§ **Dataset excerpts**
BEGIN

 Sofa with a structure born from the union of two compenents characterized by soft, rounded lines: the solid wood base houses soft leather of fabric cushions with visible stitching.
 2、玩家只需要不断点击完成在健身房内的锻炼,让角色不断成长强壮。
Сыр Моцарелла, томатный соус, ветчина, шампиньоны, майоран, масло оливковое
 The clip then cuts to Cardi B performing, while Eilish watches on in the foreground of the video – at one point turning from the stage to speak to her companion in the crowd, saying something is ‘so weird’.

END
BEGIN

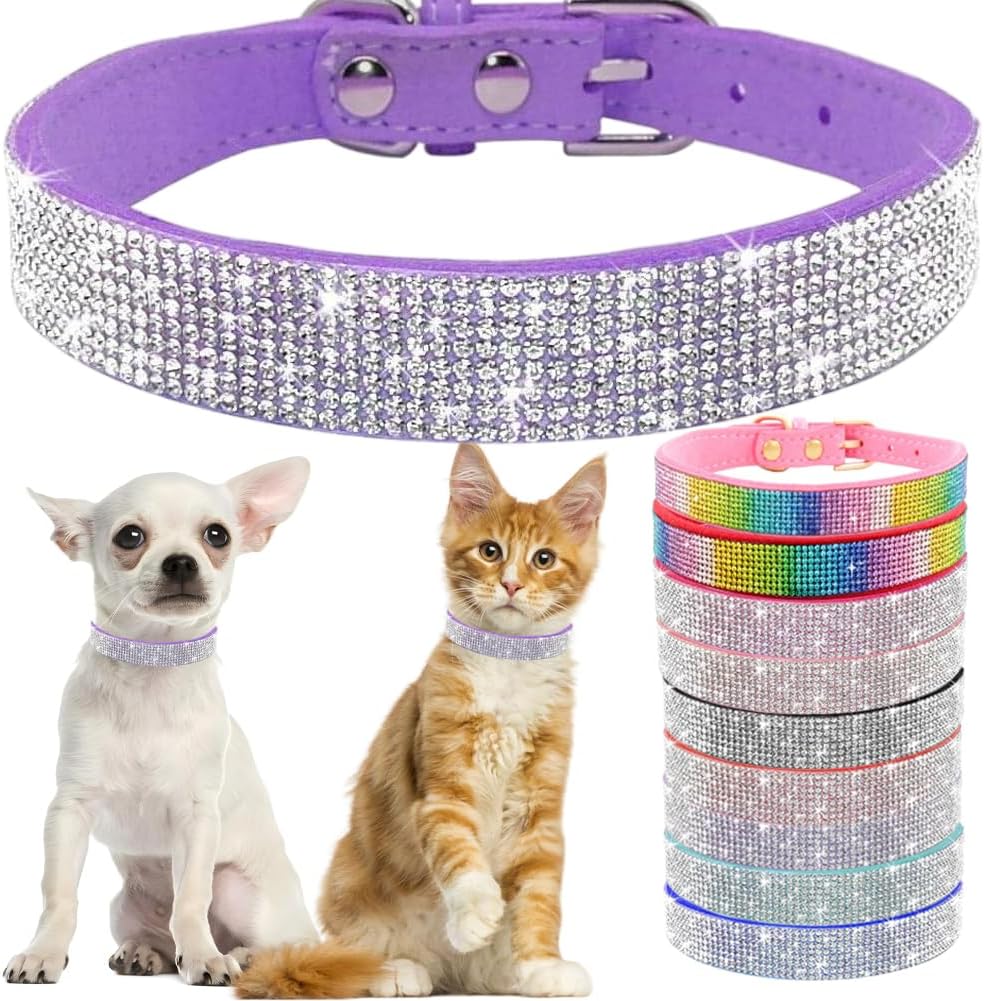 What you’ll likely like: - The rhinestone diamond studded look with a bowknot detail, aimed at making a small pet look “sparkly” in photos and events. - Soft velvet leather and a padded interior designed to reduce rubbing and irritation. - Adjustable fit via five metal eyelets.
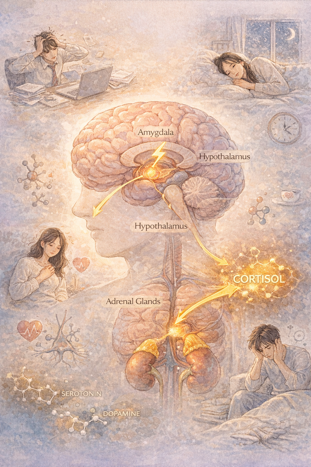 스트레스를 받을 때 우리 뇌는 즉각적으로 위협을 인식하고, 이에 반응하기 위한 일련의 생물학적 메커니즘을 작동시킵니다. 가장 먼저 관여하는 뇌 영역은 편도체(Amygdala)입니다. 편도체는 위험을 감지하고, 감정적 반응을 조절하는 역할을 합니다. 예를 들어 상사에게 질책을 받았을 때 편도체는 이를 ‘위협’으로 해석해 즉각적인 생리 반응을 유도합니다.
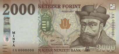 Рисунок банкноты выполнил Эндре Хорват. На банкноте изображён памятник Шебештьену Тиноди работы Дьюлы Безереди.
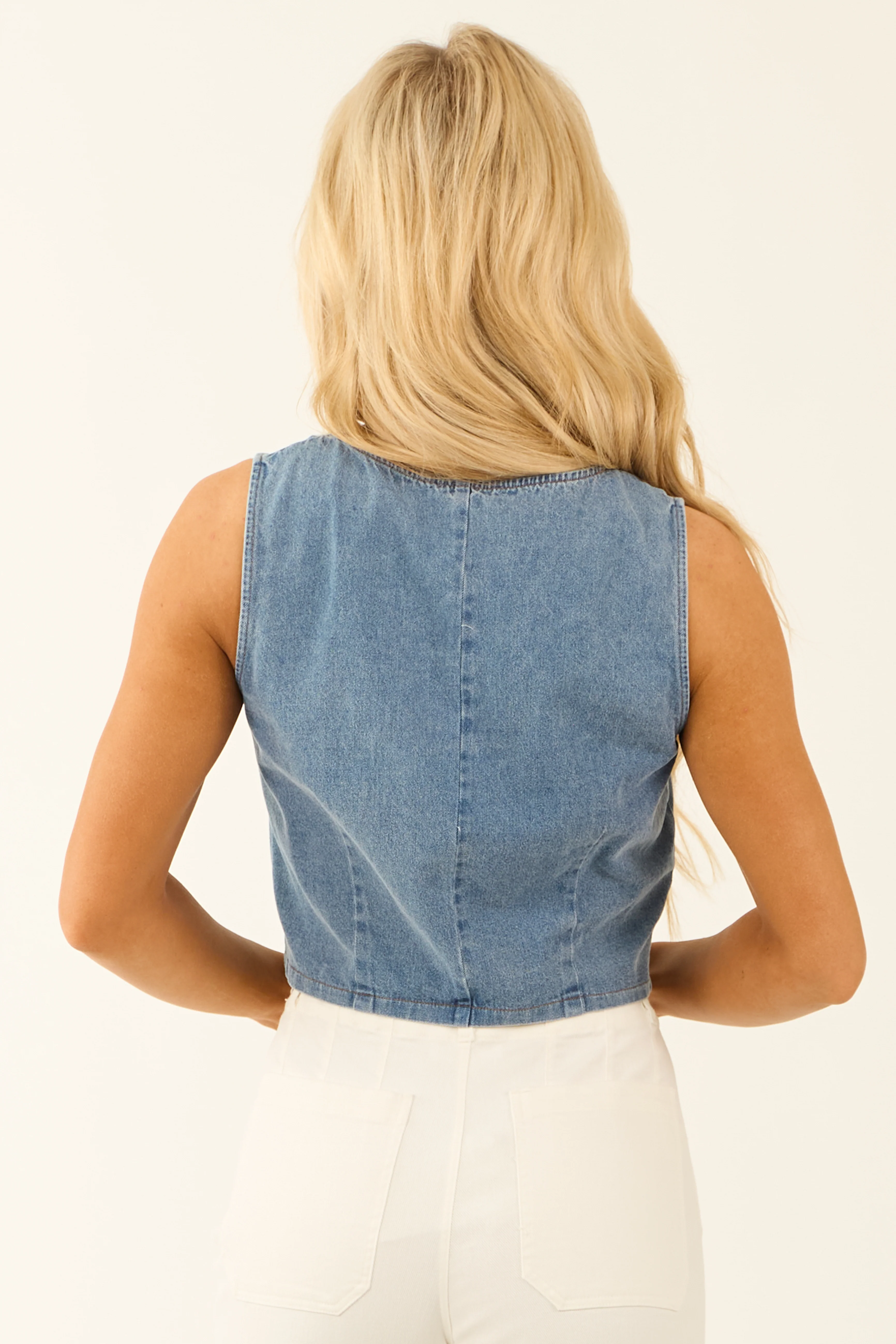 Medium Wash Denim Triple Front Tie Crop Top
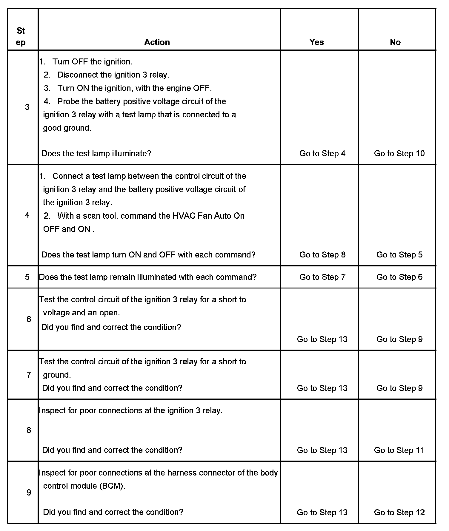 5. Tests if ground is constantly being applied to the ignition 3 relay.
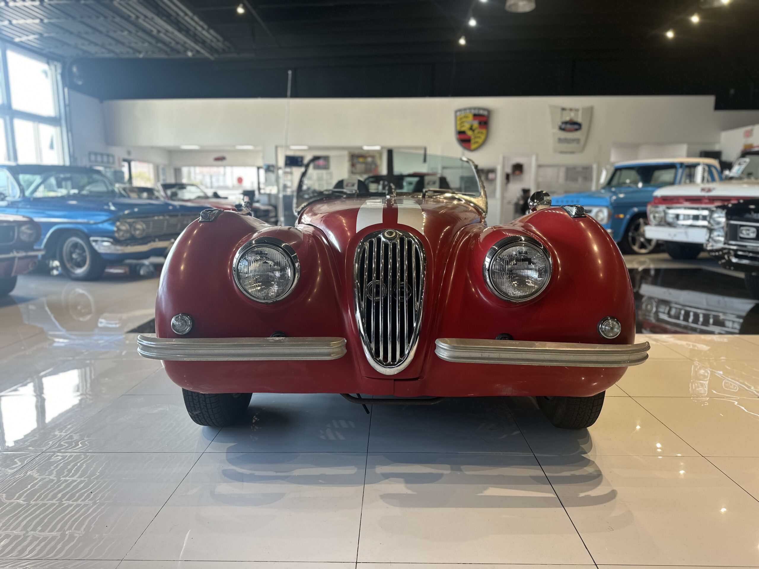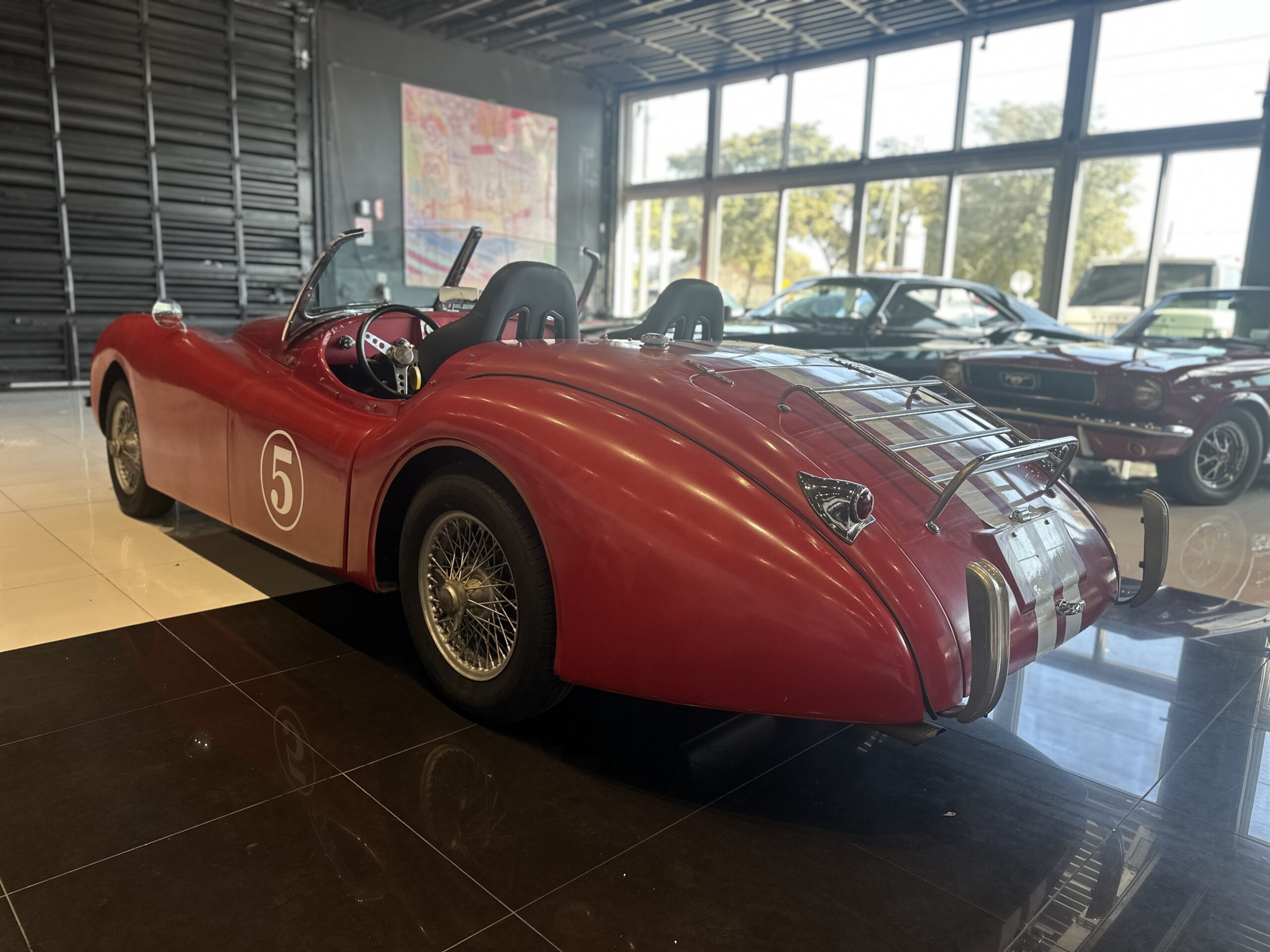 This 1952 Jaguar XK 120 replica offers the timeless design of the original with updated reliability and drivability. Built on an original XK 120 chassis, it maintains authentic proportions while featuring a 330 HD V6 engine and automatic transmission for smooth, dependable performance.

END

§ **Your instructions**
Lines wanted from the entries above: the one with "스트레스를 받을 때 우리", the one with "This 1952 Jaguar", and all lines between. Please copy them exactly, without the pictures and without anything else.

§ **Response box**
 스트레스를 받을 때 우리 뇌는 즉각적으로 위협을 인식하고, 이에 반응하기 위한 일련의 생물학적 메커니즘을 작동시킵니다. 가장 먼저 관여하는 뇌 영역은 편도체(Amygdala)입니다. 편도체는 위험을 감지하고, 감정적 반응을 조절하는 역할을 합니다. 예를 들어 상사에게 질책을 받았을 때 편도체는 이를 ‘위협’으로 해석해 즉각적인 생리 반응을 유도합니다.
 Рисунок банкноты выполнил Эндре Хорват. На банкноте изображён памятник Шебештьену Тиноди работы Дьюлы Безереди.
 Medium Wash Denim Triple Front Tie Crop Top
 5. Tests if ground is constantly being applied to the ignition 3 relay.
 This 1952 Jaguar XK 120 replica offers the timeless design of the original with updated reliability and drivability. Built on an original XK 120 chassis, it maintains authentic proportions while featuring a 330 HD V6 engine and automatic transmission for smooth, dependable performance.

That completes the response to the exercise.